CSRF can be considered a type of the confused deputy attack where the web browser (confused deputy) is tricked into sending a forged request (for a less privileged attacker) to a web application. A CSRF attack works because, by design, a web browser automatically attaches all cookies that it has for the target web application when a request is sent. A server that does not protect against CSRF would accept and execute the request as coming from the victim since the session cookie was part of the request. What is worse, the victim is not aware of the attack until when it is too late. The figure below shows the steps of a common CSRF attack. However, some conditions have to be fulfilled for the attack to work:
- The attacker must find an unprotected state-changing operation in the target web application.
- The victim must be already authenticated to the target web application (i.e. a session cookie is already stored in his/her browser).
- The attacker must forge the state-changing request correctly. This means that the attacker must include all HTML form fields or request parameters that the server-side expects.
- The attacker has to trick the authenticated victim into visiting the attacker’s website (where the CSRF attack will take place) or trick the victim into clicking a link.
- The means for authentication must be automatically attached to the request by the browser (e.g. Basic Authentication request header [7] or cookies). Note that, different from XSS, CSRF aims to reuse the session cookie, not steal it.
Impact of CSRF attacks
The impact of the attack depends on the specific operation that is vulnerable to CSRF, but also on the privileges that the victim has. This can result in a money transfer, change of password, a purchase in a shopping website, account compromise, created admin user, etc. Sometimes CSRF can be even more dangerous than session hijacking. For instance, in a court case, the victim cannot argue that he did not perform a transaction because the IP of the request (although unintended) was that of the victim. To makes things even worse, the victim doesn’t even know which malicious website he visited that triggered the CSRF attack. In the case of session hijacking, the malicious attacker logs in with stolen credentials (usually) from an IP address different from that of the victim’s. Therefore, in this case, the victim can argue that he was the victim of an attack. There have also been other examples of CSRF attacks that lead to remote code execution with root privileges [8] or compromise of a root certificate [9].

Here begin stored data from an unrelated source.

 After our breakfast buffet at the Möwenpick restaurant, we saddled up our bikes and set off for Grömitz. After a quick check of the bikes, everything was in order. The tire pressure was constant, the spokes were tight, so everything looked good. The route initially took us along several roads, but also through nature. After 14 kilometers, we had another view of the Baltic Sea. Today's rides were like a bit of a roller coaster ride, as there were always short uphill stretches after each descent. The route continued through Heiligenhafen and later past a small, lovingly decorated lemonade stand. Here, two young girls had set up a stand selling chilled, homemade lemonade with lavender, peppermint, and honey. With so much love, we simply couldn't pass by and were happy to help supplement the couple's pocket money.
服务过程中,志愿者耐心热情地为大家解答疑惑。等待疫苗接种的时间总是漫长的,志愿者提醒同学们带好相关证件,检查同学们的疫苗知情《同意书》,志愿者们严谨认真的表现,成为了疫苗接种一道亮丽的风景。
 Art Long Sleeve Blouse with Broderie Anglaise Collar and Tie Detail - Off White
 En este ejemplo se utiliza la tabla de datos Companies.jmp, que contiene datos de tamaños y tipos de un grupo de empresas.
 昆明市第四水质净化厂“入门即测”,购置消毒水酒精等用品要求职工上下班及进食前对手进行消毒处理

Sometimes CSRF is mistakenly confused with XSS, but they are two different attacks. XSS aims to execute arbitrary JS code on a vulnerable website. It abuses the trust that a client has in a certain web application, thus clicking the link. On the other hand, CSRF tricks the user’s browser to send unintended HTTP requests to a vulnerable web application. It exploits the trust that a web application has in the user. The web application assumes that if a request was received, then it originated from the user (because of the session cookie) and executes it. Additionally, in a CSRF exploit the attacker can trick the victim’s browser to send an HTTP request, but he cannot read the response of that request while XSS can issue requests and also read the response. XSS attacks are based on JS, while CSRF attacks can also be carried out just by using a crafted HTML form. Finally, if a web application is vulnerable to XSS, then it is also vulnerable to CSRF. However, if a web application is safe from XSS, it might still be vulnerable to CSRF.
Since its discovery in 2001, there have been many reported CSRF attacks. Major websites such as Netflix, Google, Yahoo, financial institutes, Facebook, etc. have been vulnerable to CSRF and in some cases even more than once. Some of the most famous cases are:
- The Netflix website (2006): an attacker could add a DVD to the victim’s shopping cart, change the shipping address of the victim, or even compromise his/her account.
- New York Time’s website [10]: CSRF that leaks the email address of the user. It was used for spamming the victims. The website kept users logged in for over a year.
- ING Direct web application [10]: vulnerable to a CSRF attack that allowed unauthorized money transfers from victim’s account to the attacker’s account.
- YouTube [10]: The vulnerability allowed the attacker to perform almost all actions that a user can normally do.
- Google, Yahoo, PayPal (2008) [11] were vulnerable to Login CSRF.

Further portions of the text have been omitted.